THEY’RE there every year, at the back end of the annual Riverboat Days parade with vehicles and equipment along with other local emergency services.
But this past August long weekend, not many people would have known that members of Terrace Search and Rescue who were in the parade, on the water for the fire works and on the water for the Rotary Duck race as well, were also in the middle of one of their busiest and most challenging periods of the past several years.
Dave Jephson, a key and long serving member of Terrace Search and Rescue, reels off a list of call outs.
There was a recovery the Friday of the long weekend of a person killed in an industrial accident west of Terrace, a recovery in the middle of July of a pilot killed near Dease Lake when his plane crashed into a mountainside, and the search over the long weekend for a man who drowned in a lake south of Vanderhoof.
“We have a one-call system,” says Jephson. “What I do is send out one call and within minutes, it reaches 56 people.”
“Then it’s a matter of who responds and we then work out each team members training and capabilities depending upon what we need.”

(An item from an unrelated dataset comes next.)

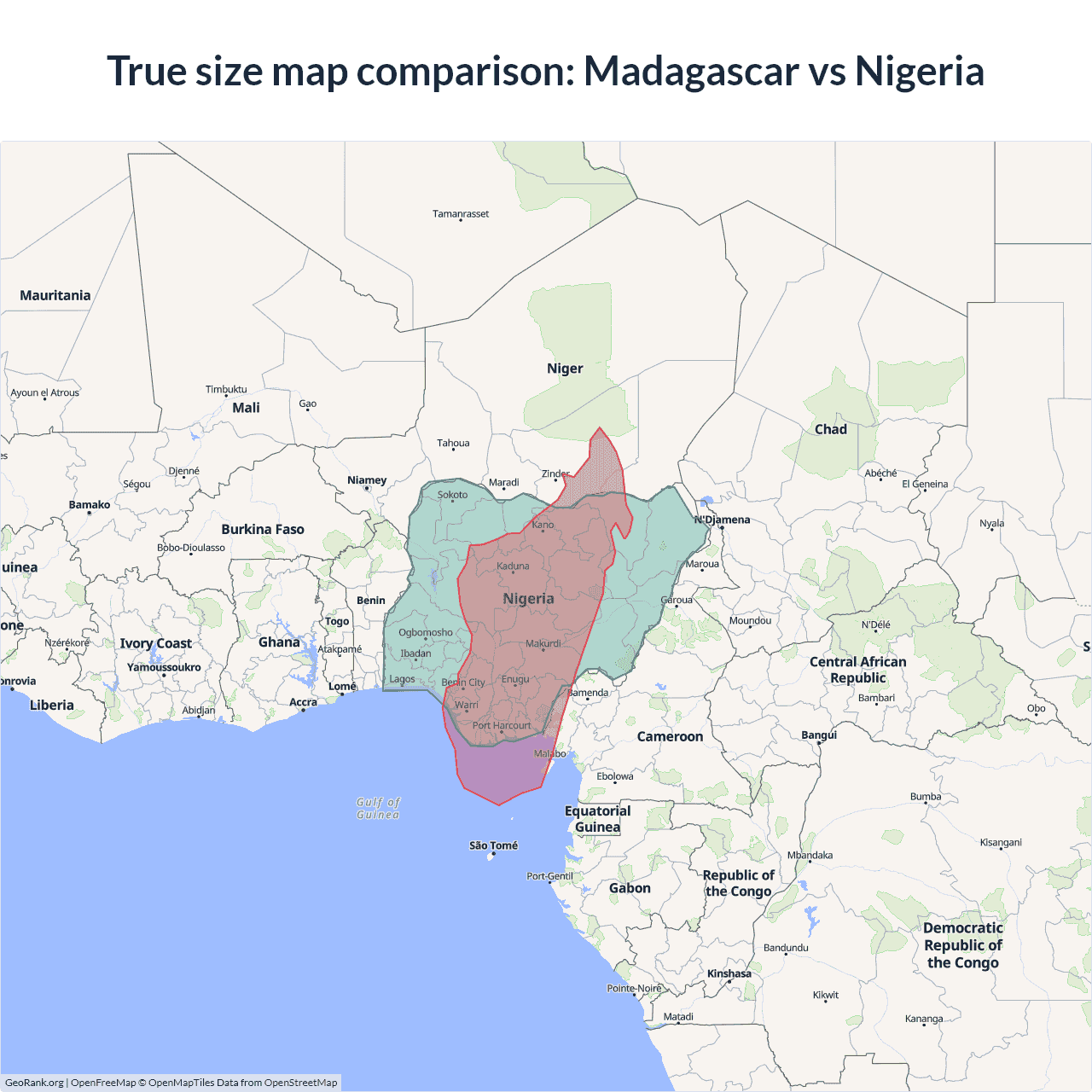 The map above outlines the borders of Madagascar and Nigeria but is not accurate for size comparison because it's a 2d map with Mercator projection that distorts territories near the poles. The farther a country is from the equator, the more magnified it appears. More about country size projections.

Those assistance requests, Jephson adds, are examples of the geographic reach of Terrace Search and Rescue and of how its capabilities and activities extend beyond the definitions of those words in the name of the organization.
Over the years Terrace Search and Rescue has developed expertise in diving, swift water rescue, ice rescue and difficult terrain rescue and recovery.
When called by the RCMP the group receives a task number making it part of the grouping of emergency services gathered for the job at hand.
“That’s when we come under the [official] umbrella,” noted Jephson.
That helps cover expenses and provides for insurance for team members and assistance for equipment replacement.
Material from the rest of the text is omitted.